▶ [Directions for this task]: Your copy should match the listing word for word, apart from the pictures, which are left out.

▶ [Dataset extract]:

┌────────

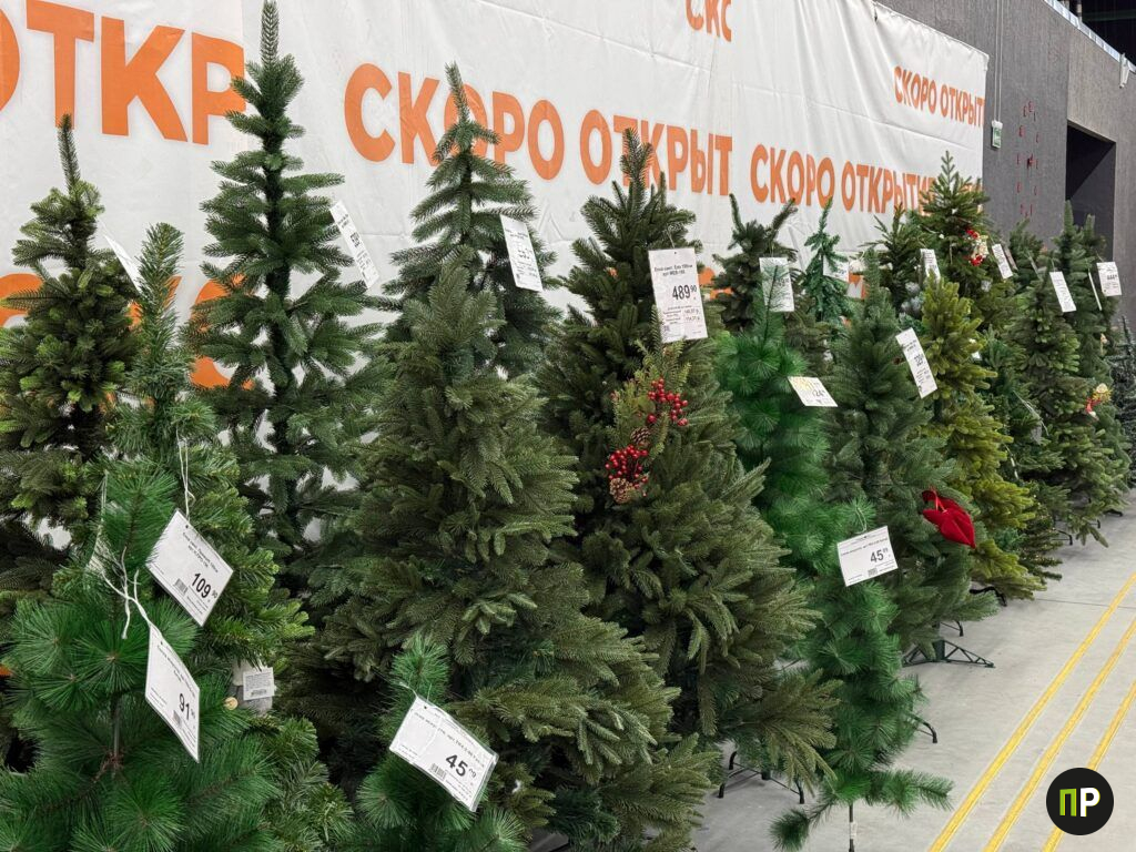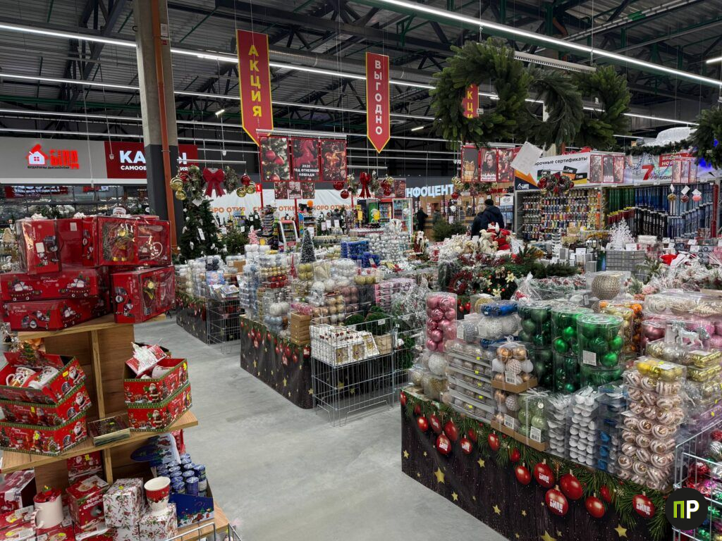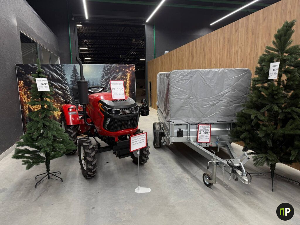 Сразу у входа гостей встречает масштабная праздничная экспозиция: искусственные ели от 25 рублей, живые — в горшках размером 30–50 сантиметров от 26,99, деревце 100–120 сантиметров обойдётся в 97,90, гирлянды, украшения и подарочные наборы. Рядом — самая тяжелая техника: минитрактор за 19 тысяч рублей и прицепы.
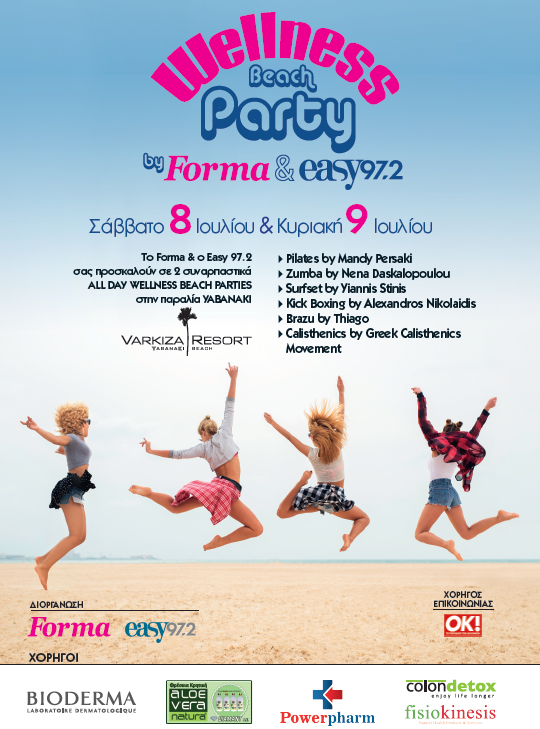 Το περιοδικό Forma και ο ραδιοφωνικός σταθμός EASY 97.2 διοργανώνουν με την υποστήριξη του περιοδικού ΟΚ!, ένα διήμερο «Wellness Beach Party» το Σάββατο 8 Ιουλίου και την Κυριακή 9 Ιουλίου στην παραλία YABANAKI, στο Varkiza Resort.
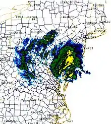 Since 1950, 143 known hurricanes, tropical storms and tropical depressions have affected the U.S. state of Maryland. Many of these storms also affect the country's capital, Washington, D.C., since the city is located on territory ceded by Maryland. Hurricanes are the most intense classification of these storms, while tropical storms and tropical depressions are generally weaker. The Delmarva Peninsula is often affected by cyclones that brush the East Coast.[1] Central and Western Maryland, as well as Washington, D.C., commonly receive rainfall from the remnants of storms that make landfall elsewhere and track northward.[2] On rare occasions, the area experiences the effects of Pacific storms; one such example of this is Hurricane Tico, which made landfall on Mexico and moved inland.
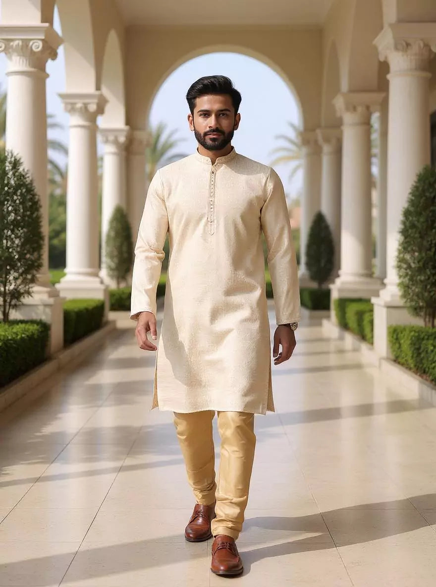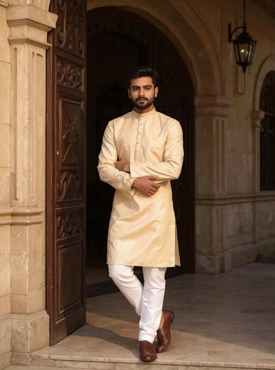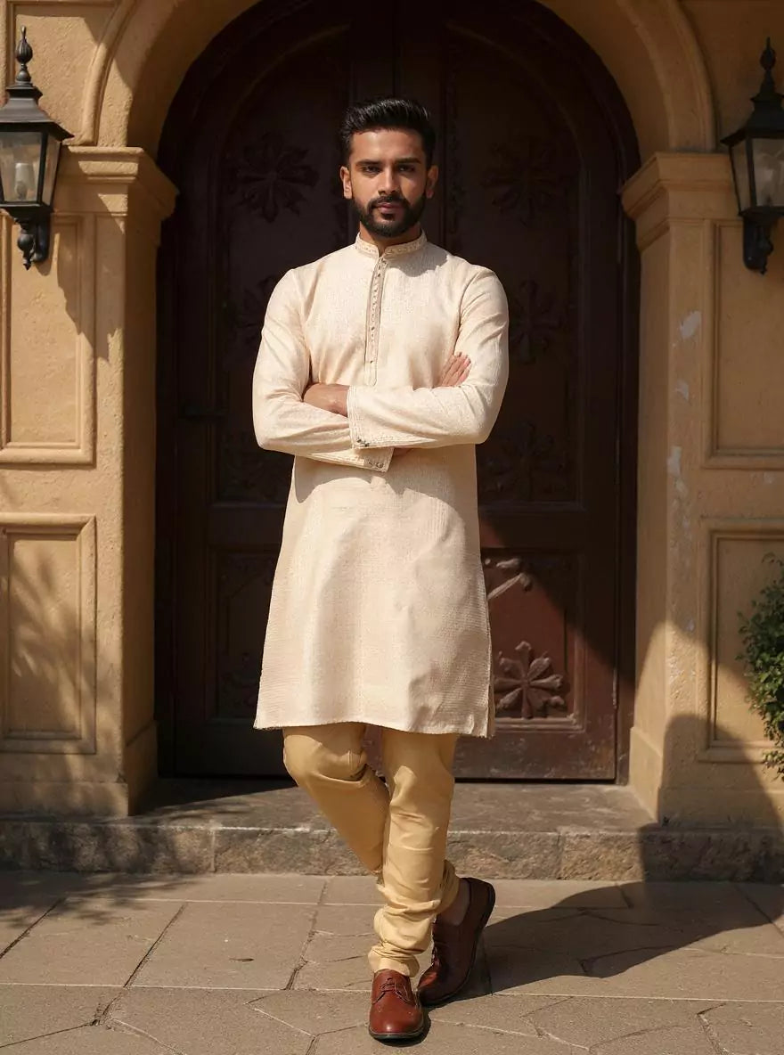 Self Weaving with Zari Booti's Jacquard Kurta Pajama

└────────

▶ [Completed task]:
 Сразу у входа гостей встречает масштабная праздничная экспозиция: искусственные ели от 25 рублей, живые — в горшках размером 30–50 сантиметров от 26,99, деревце 100–120 сантиметров обойдётся в 97,90, гирлянды, украшения и подарочные наборы. Рядом — самая тяжелая техника: минитрактор за 19 тысяч рублей и прицепы.
 Το περιοδικό Forma και ο ραδιοφωνικός σταθμός EASY 97.2 διοργανώνουν με την υποστήριξη του περιοδικού ΟΚ!, ένα διήμερο «Wellness Beach Party» το Σάββατο 8 Ιουλίου και την Κυριακή 9 Ιουλίου στην παραλία YABANAKI, στο Varkiza Resort.
 Since 1950, 143 known hurricanes, tropical storms and tropical depressions have affected the U.S. state of Maryland. Many of these storms also affect the country's capital, Washington, D.C., since the city is located on territory ceded by Maryland. Hurricanes are the most intense classification of these storms, while tropical storms and tropical depressions are generally weaker. The Delmarva Peninsula is often affected by cyclones that brush the East Coast.[1] Central and Western Maryland, as well as Washington, D.C., commonly receive rainfall from the remnants of storms that make landfall elsewhere and track northward.[2] On rare occasions, the area experiences the effects of Pacific storms; one such example of this is Hurricane Tico, which made landfall on Mexico and moved inland.
 Self Weaving with Zari Booti's Jacquard Kurta Pajama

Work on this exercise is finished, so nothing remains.